DAS can work to distances of up to ~100 km, has a spatial resolution of a few meters and a broad frequency sensitivity. There is still a lot to be learned about how the DAS signal responds to strain. On land, DAS has been demonstrated for a wide variety of applications including earthquake monitoring and rapid response aftershock studies etc.
DAS experiments in the ocean are more challenging. It wasn’t until 2019 that the potential of seafloor DAS for academic research was demonstrated. The Oregon margin is one of the most energetic coastlines in the world and an excellent location to test the DAS capabilities and is thus, an ideal site to study the role of storms in generating seismic noise near coastlines and potentially understanding if and how DAS could be used for measuring sediment exchange.
DAS has also been identified as a new technology that might form an important component of future offshore earthquake and tsunami early warning systems in Cascadia and elsewhere. The scheduled shutdown provides a great opportunity to test DAS in this region.
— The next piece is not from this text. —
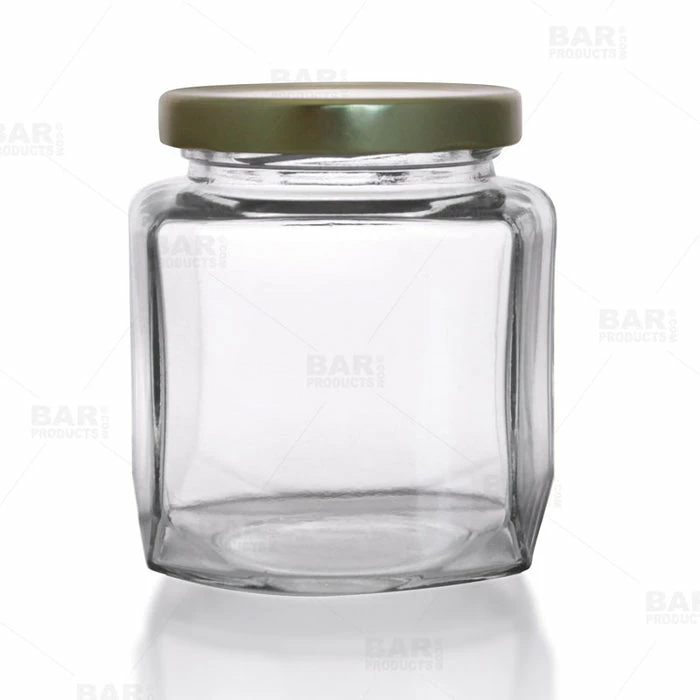 The Oval Hexagon Glass Jar w/ Lid is the perfect container for the master mixologist looking to showcase quality garnishes and ingredients. The glass jar holds up to 9 fluid ounces and is great for storing fresh fruit, herbs, spices, nuts, and any other unique ingredient. The thick glass jar is quality you can see and feel with a brass metal lid.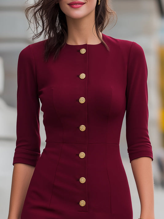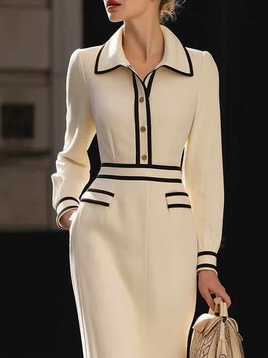 Vintage-Inspired Long Sleeve Structured Midi Dress

A Caltech graduate student will get experience leading data acquisition and two UW graduate students will gain experience in DAS/DTS data acquisition.
The PIs are taking advantage of a rare scheduled shutdown in early November 2021 of the Ocean Observatories Initiative (OOI) Regional Cabled Array (RCA). With the RCA cables disconnected from all RCA shoreside equipment, the distributed acoustic sensing (DAS) and distributed temperature sensing (DTS) systems will be connected to the OOI fibers and will undergo testing to determine the potential of submarine DAS to observe seismic, oceanographic, acoustic and geodetic processes.
DAS is potentially of great importance for efforts to develop offshore earthquake and tsunami warning systems in Cascadia and this experiment represents an important step in developing protocols that can support the use of DAS for science and hazards mitigation in the Northeast Pacific while meeting national security requirements.
This award reflects NSF's statutory mission and has been deemed worthy of support through evaluation using the Foundation's intellectual merit and broader impacts review criteria.